**Record set:**
········

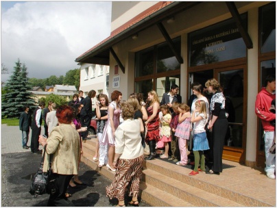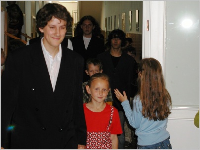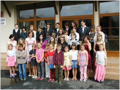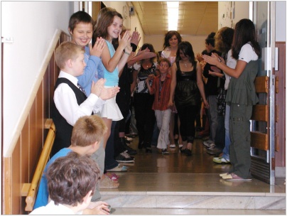 bylo opravdu posledním pro deváťáky, které v budově ZŠ slyšeli ve čtvrtek 26. června. Tak jak na začátku školního roku doprovázeli oni poprvé do třídy prvňáčky, tak prvňáčci je vyprovázeli špalírem ostatních žáků z jejich třídy. Někteří odcházeli se slzami v očích, někteří s vážnou tváří a někteří s optimistickým úsměvem do budoucnosti na rtech. Tak tedy šťastnou cestu!
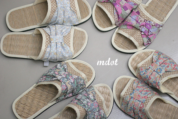 暑い夏はやっぱりたたみスリッパ。 今年はリバティのリボンをくっつけてみました。 これでいつでもお客様が来ても安…
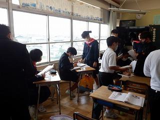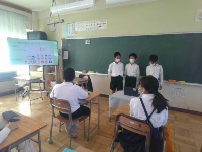前回、学校長から全校へのプレゼン発信のOKをもらおうと校長室を来室したグループは、改良版を持参して再度来室し、一生懸命に説明していました。学習を通して、自分達でできることを考え実行する力を高めているのを感じました。
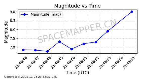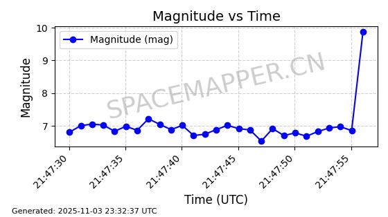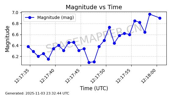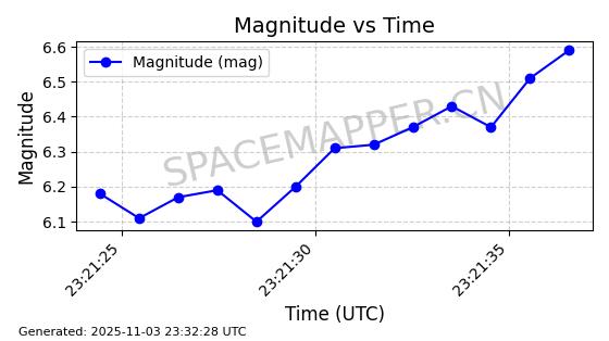 | STARLINK-6210 | 56485 | 56485 | 2023-05-10 同日期轨道 2023-064AP 同批次轨道 | 在轨 | 96分钟 | 69.9989 | 570.322 | 573.792 | 0.0002495 | 2025-11-02 12:16:15 | ||
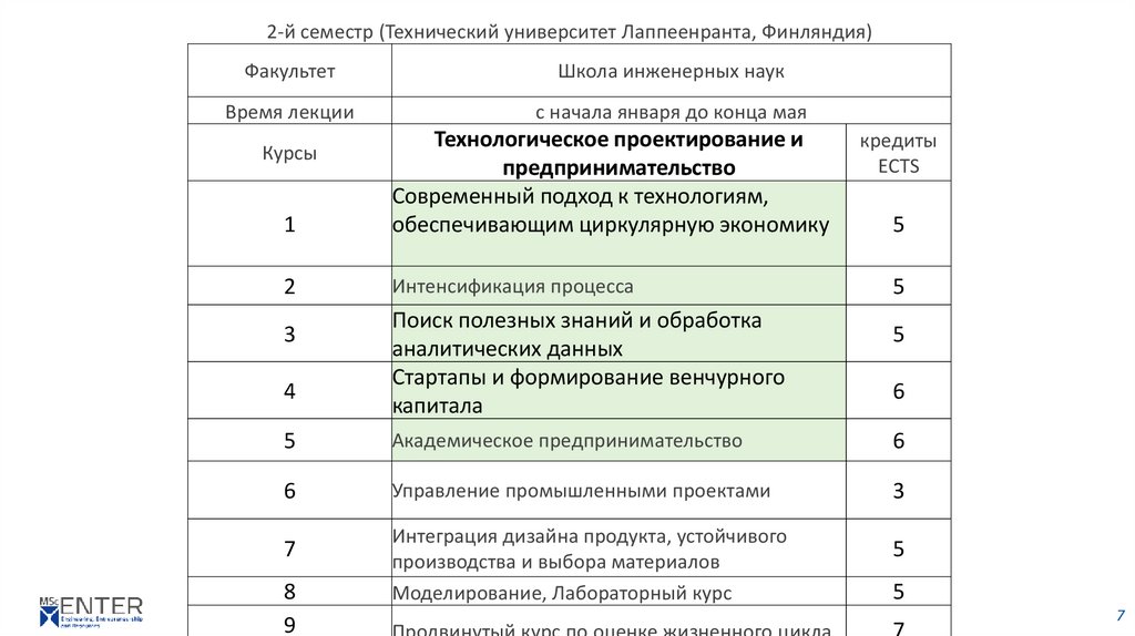 2-й семестр (Технический университет Лаппеенранта, Финляндия)Факультет
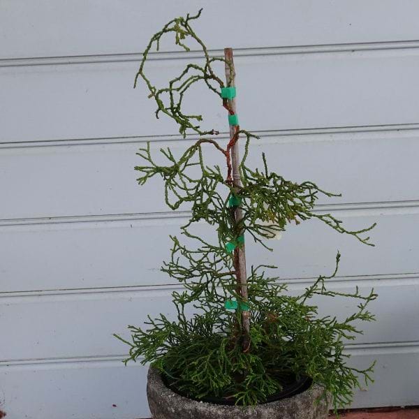 This cultivar of the "Hinoke Cypress" has totally different foliage than the other cultivars. Instead of being fan-shaped, it is twisted and thread-like.
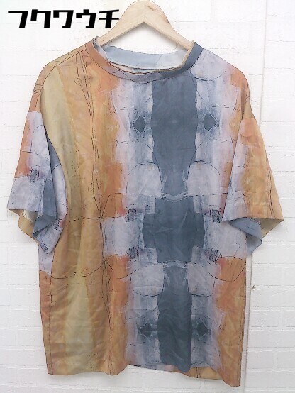 ◇ ガスヴァンサントみたいに蒼い 総柄 スリット  五分袖 カットソー サイズF グレー ブラウン レディース
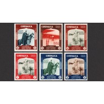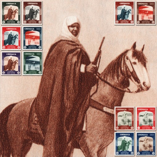 Na znaczkach widnieje jeździec arabski na koniu, przylot samolotu transportującego pocztę Caproni Ca 101, rzeźba Wenus z Cyreny i samolot Caproni Ca 101.
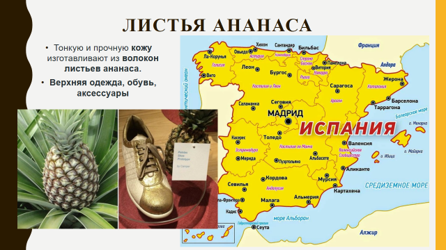 Слайд 10.Тонкую и прочную материю изготавливают изволокон листьев ананаса.
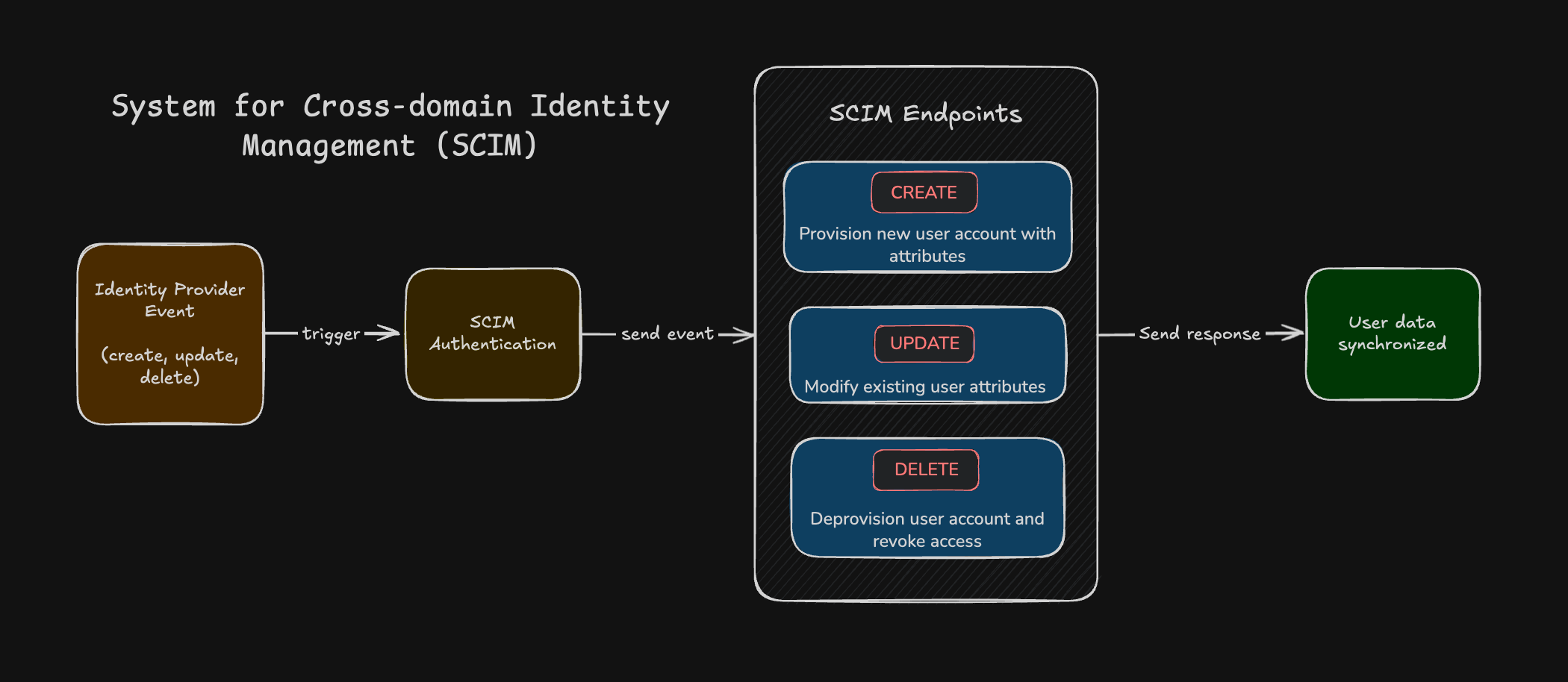 - System for Cross-domain Identity Management (SCIM): For more robust user lifecycle management, SCIM allows your IdP to communicate user identity information to Hugging Face. This enables automatic creation, updates (e.g., name changes, role changes), and deactivation of user accounts on Hugging Face as changes occur in your IdP. This ensures that user access is always up-to-date with their status in your organization.
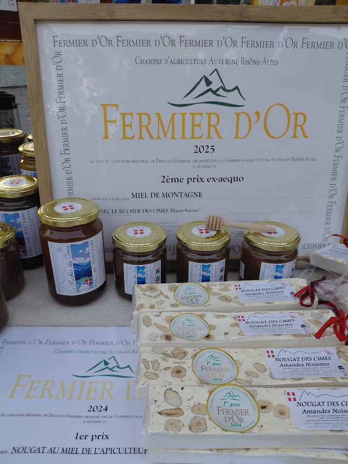Notre Miel de montagne a été primé "2ème prix Ex-aequo du Concours des Fermiers d’Or 2025 Auvergne Rhône Alpes". Nous sommes heureux de vous faire déguster ce miel issus du terroir des Aravis.
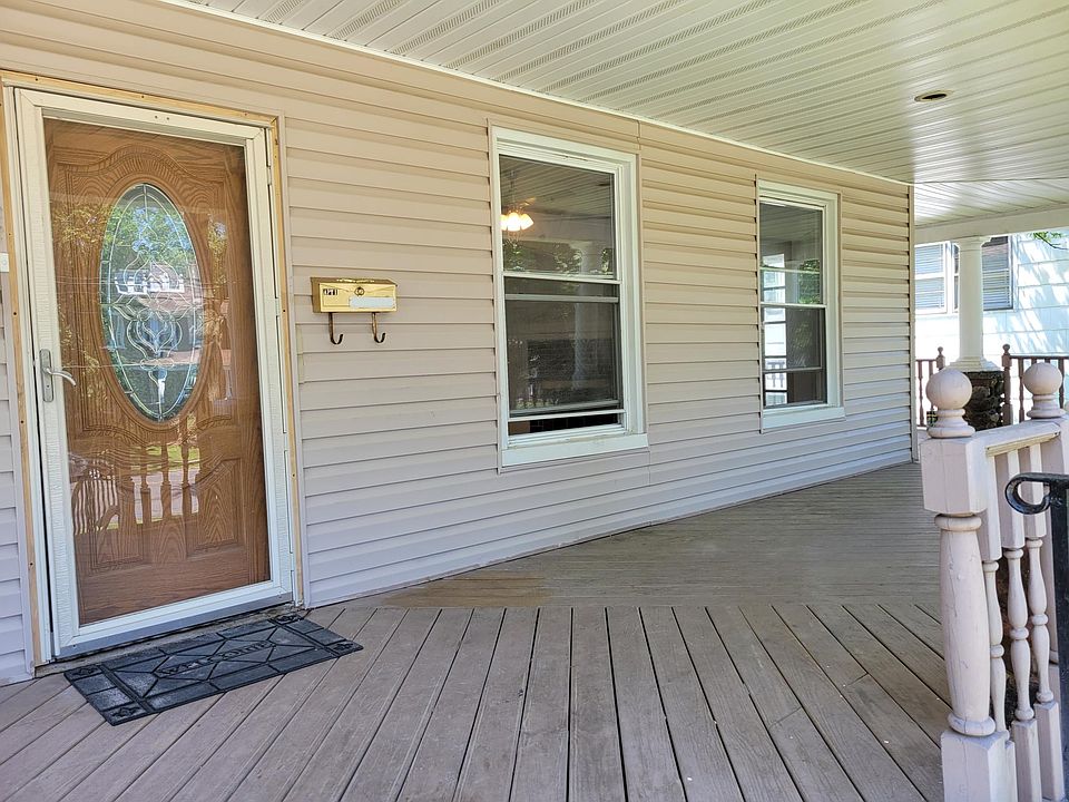 Enjoy warm evenings on the exclusive use, wrap porch. Large living rm w/private door to side of the porch. Eat-in kitchen with updated SS appliances. Also updated, is the bath. Two nice size bedrooms with new "wood-look" vinyl floors. Loving back yard that is shared with the 2nd floor tenant. Two off street parking spaces. The rental includes lawn maintenance, sewer, trash removal and water. There are laundry hook ups in the basement for our washer and dryer.
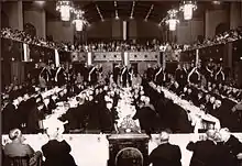 The ceremony is accompanied by the song Alles schweige, jeder neige / Ernsten Tönen nun sein Ohr, which was written by August Niemann in 1782. Whereas Niemann's version praises Emperor Joseph II, the lyrics of the 'Landesvater' were changed in the 19th century, and have since then praised Germany, instead of a single monarch.[2] The modern version emanates from Friedrich Silcher (1823).
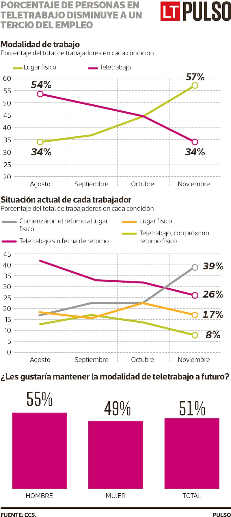 Visto del lado de quienes teletrabajan, las personas que declaran mantenerse en modalidad de trabajo a distancia total o parcial, disminuyeron desde un 54% del total en agosto, a un 34% en diciembre.
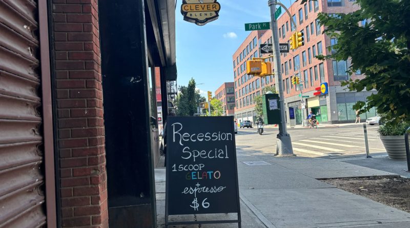 Read MoreA sign outside Brooklyn coffee shop Clever Blend offers a $6 gelato and espresso “recession special.” Lisa Kailai Han |
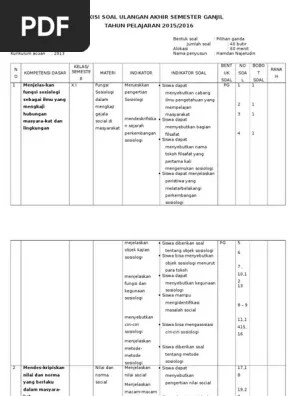 Contoh soal us (usbn) sosiologi sma/ma kurikulum 2013 tahun 2021 tahun. Nilai, norma, sosialisasi, penyimpangan dan pengendalian sosial, struktur sosial, diferensiasi sosial, stratifikasi . Penulisan/penyusunan laporan penelitian sosial bagi peserta didik berfungsi untuk. Kisi kisi penulisan soal usbn jenis sekolah sma ma mata . Mendapatkan data tentang kehidupan sosial b.
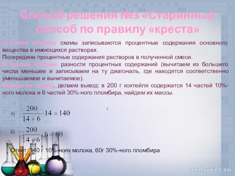 Исходя из схемы, делаем вывод: в 200 г коктейля содержатся 14 частей 10%-ного молока и 6 частей 30%-ного пломбира, найдем их массы.
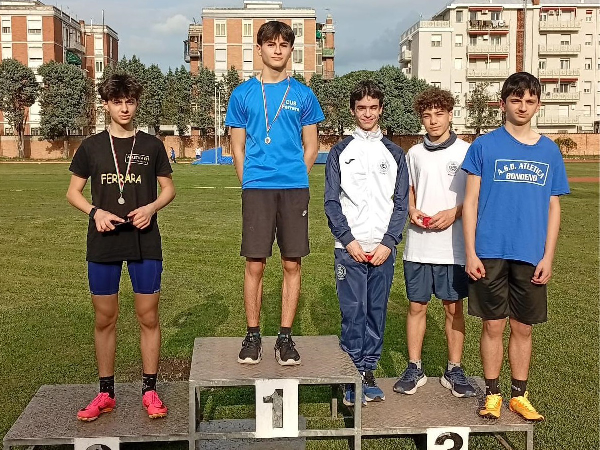 Sempre a Ferrara si sono svolti i “Campionati di Società”, con il programma di gare della prima giornata, la seconda si svolgerà a Bondeno il 6 maggio. Ottimi risultati nelle corse e in alcuni concorsi per i giovani del Cus: in particolare negli 80 m Cadetti il 10.0 di Marco Gaetano Francioso, il 10.6 di Giorgia Zanzi e il 10.8 di Sofia Benericetti negli 80 m Cadette, il buon 53.5 ottenuto dalle Cadette Zanzi, Kona, Lazzarato e Benericetti nella 4×100 Cadette e la misura di 1.90 nel salto con l’asta di Giulia Lazzarato. Buone prestazioni per gli altri Cadetti impegnati nelle loro prove, come il 10.7 di Enrico Sudano e di Fabio Besutti negli 80 m, le misure di 9,34 e 9,03 nel salto triplo rispettivamente per Filippo De Carli e Clementina Merli, e il tempo di 49.5 nella 4×100 corsa da Francioso, Besutti, Oleksiv e Hasan, mentre nella 4×100 B delle Cadette Abbasciano, Picariello, Nachira Haro e Alvisi hanno corso in 57.8.
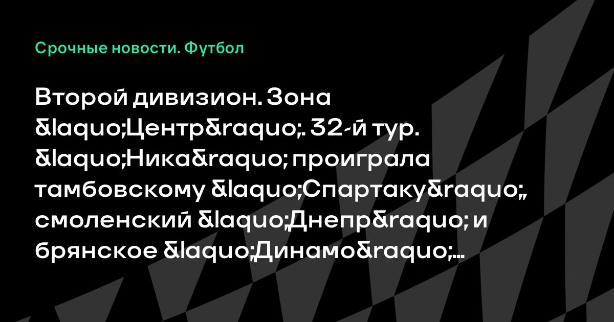 Второй дивизион. Зона «Центр». 32-й тур. «Ника» проиграла тамбовскому «Спартаку», смоленский «Днепр» и брянское «Динамо» разошлись миром и другие результаты
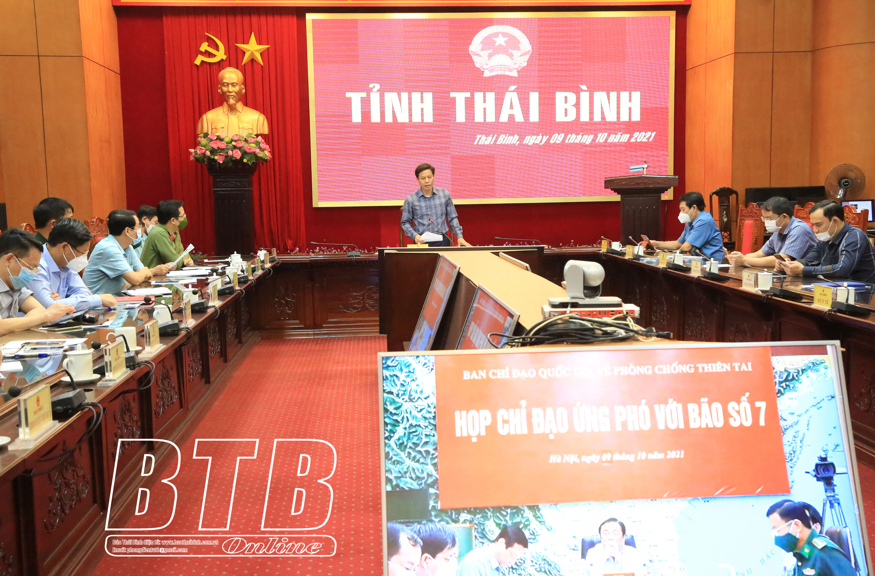 Tại điểm cầu Thái Bình, đồng chí Lại Văn Hoàn, Tỉnh ủy viên, Phó Chủ tịch UBND tỉnh, Phó Trưởng ban thường trực Ban Chỉ huy Phòng, chống thiên tai và Tìm kiếm cứu nạn tỉnh đã báo cáo nhanh tình hình triển khai ứng phó với bão số 7 của tỉnh. Toàn tỉnh có 1.164 tàu, thuyền với 3.423 lao động làm ăn trên biển, đến 15 giờ ngày 9/10 không có phương tiện nào hoạt động trong vùng nguy hiểm; đã di dời 706 lao động canh coi chòi ngao, nuôi trồng thủy sản vào nơi tránh trú an toàn; toàn bộ số hộ lồng bè trên sông đã được thông báo và hướng dẫn chằng chống kịp thời; công tác sơ tán dân trong nhà yếu và khu vực nguy hiểm đang triển khai thực hiện trước khi bão đổ bộ vào. Đến ngày 9/10, toàn tỉnh thu hoạch 37.825ha lúa mùa, đạt 49,3% tổng diện tích; gieo trồng 12.675ha cây vụ đông; công tác tiêu úng đã được các địa phương trong tỉnh chuẩn bị sẵn sàng. Bên cạnh đó, tỉnh đã tổ chức các đoàn đi kiểm tra những công trình thi công dang dở và các trọng điểm xung yếu trên đê cửa sông, đê biển; đồng thời, huy động nhân lực, vật tư, phương tiện theo phương châm “4 tại chỗ”, sẵn sàng xử lý khi có tình huống xảy ra.
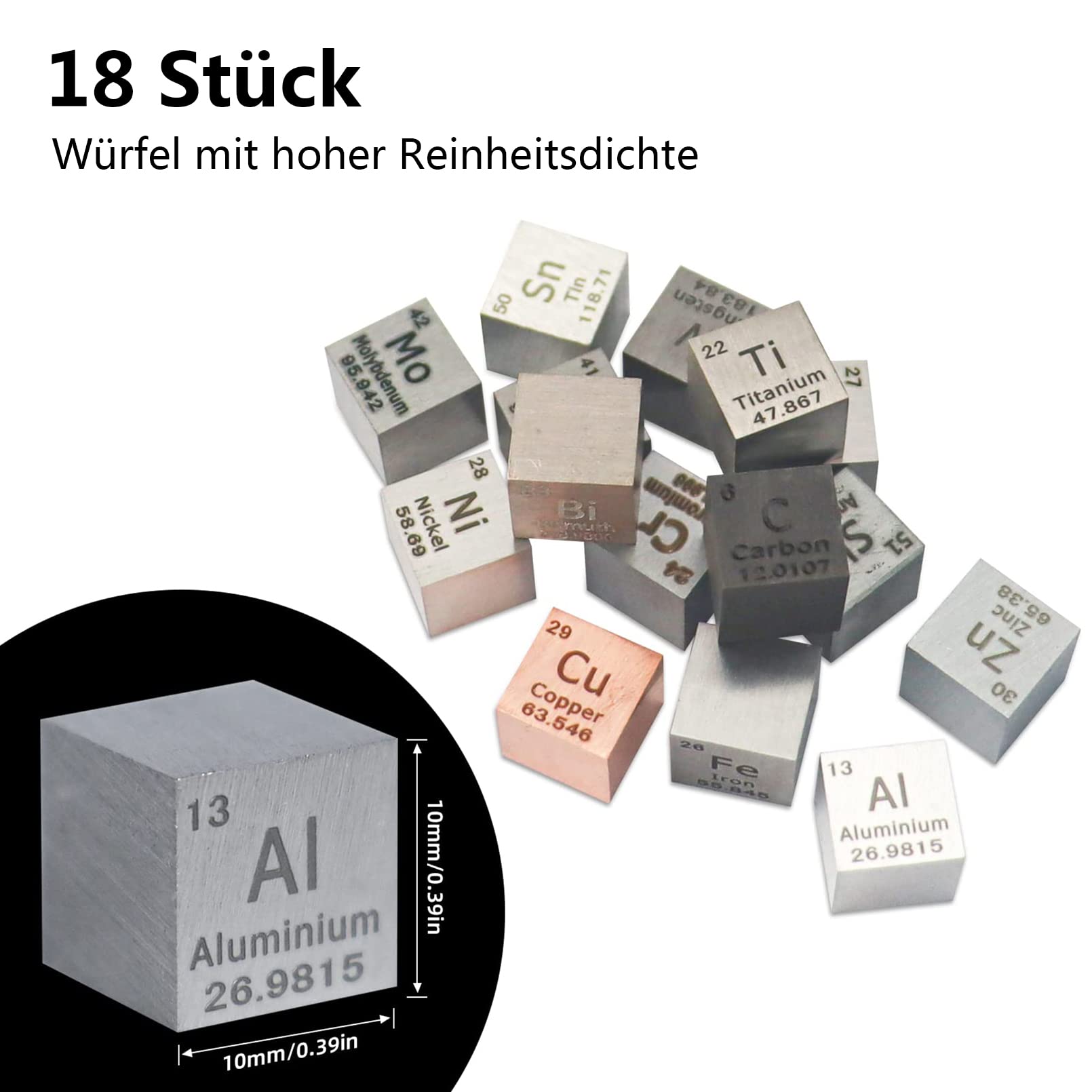 Für Chemie-Begeisterte und Sammler! Diese hochglanzpolierten Metallwürfel machen das Periodensystem greifbar. Jeder Würfel ist 10x10x10mm groß und besteht aus reinem Metall wie Wolfram, Kohlenstoff, Nickel und Kupfer mit bis zu 99,99% Reinheit. Die lasermarkierten Infos zeigen Atomnummer, Symbol, Name und Dichte. Perfekt für den Chemieunterricht, Labor oder als besondere Deko. Jeder Würfel kommt in einer schützenden Acrylbox - ideal zur Aufbewahrung und Präsentation. Ein faszinierendes Geschenk für Schüler, Studenten oder alle, die sich für Wissenschaft begeistern. Achtung: Am besten mit Handschuhen anfassen und trocken lagern!

········

**Aim of the task:** Look above for the line with "The ceremony is" and the line with "Исходя из схемы, делаем". Copy them and every line between, exactly, but no pictures.

**Answer below:**
 The ceremony is accompanied by the song Alles schweige, jeder neige / Ernsten Tönen nun sein Ohr, which was written by August Niemann in 1782. Whereas Niemann's version praises Emperor Joseph II, the lyrics of the 'Landesvater' were changed in the 19th century, and have since then praised Germany, instead of a single monarch.[2] The modern version emanates from Friedrich Silcher (1823).
 Visto del lado de quienes teletrabajan, las personas que declaran mantenerse en modalidad de trabajo a distancia total o parcial, disminuyeron desde un 54% del total en agosto, a un 34% en diciembre.
 Read MoreA sign outside Brooklyn coffee shop Clever Blend offers a $6 gelato and espresso “recession special.” Lisa Kailai Han |
 Contoh soal us (usbn) sosiologi sma/ma kurikulum 2013 tahun 2021 tahun. Nilai, norma, sosialisasi, penyimpangan dan pengendalian sosial, struktur sosial, diferensiasi sosial, stratifikasi . Penulisan/penyusunan laporan penelitian sosial bagi peserta didik berfungsi untuk. Kisi kisi penulisan soal usbn jenis sekolah sma ma mata . Mendapatkan data tentang kehidupan sosial b.
 Исходя из схемы, делаем вывод: в 200 г коктейля содержатся 14 частей 10%-ного молока и 6 частей 30%-ного пломбира, найдем их массы.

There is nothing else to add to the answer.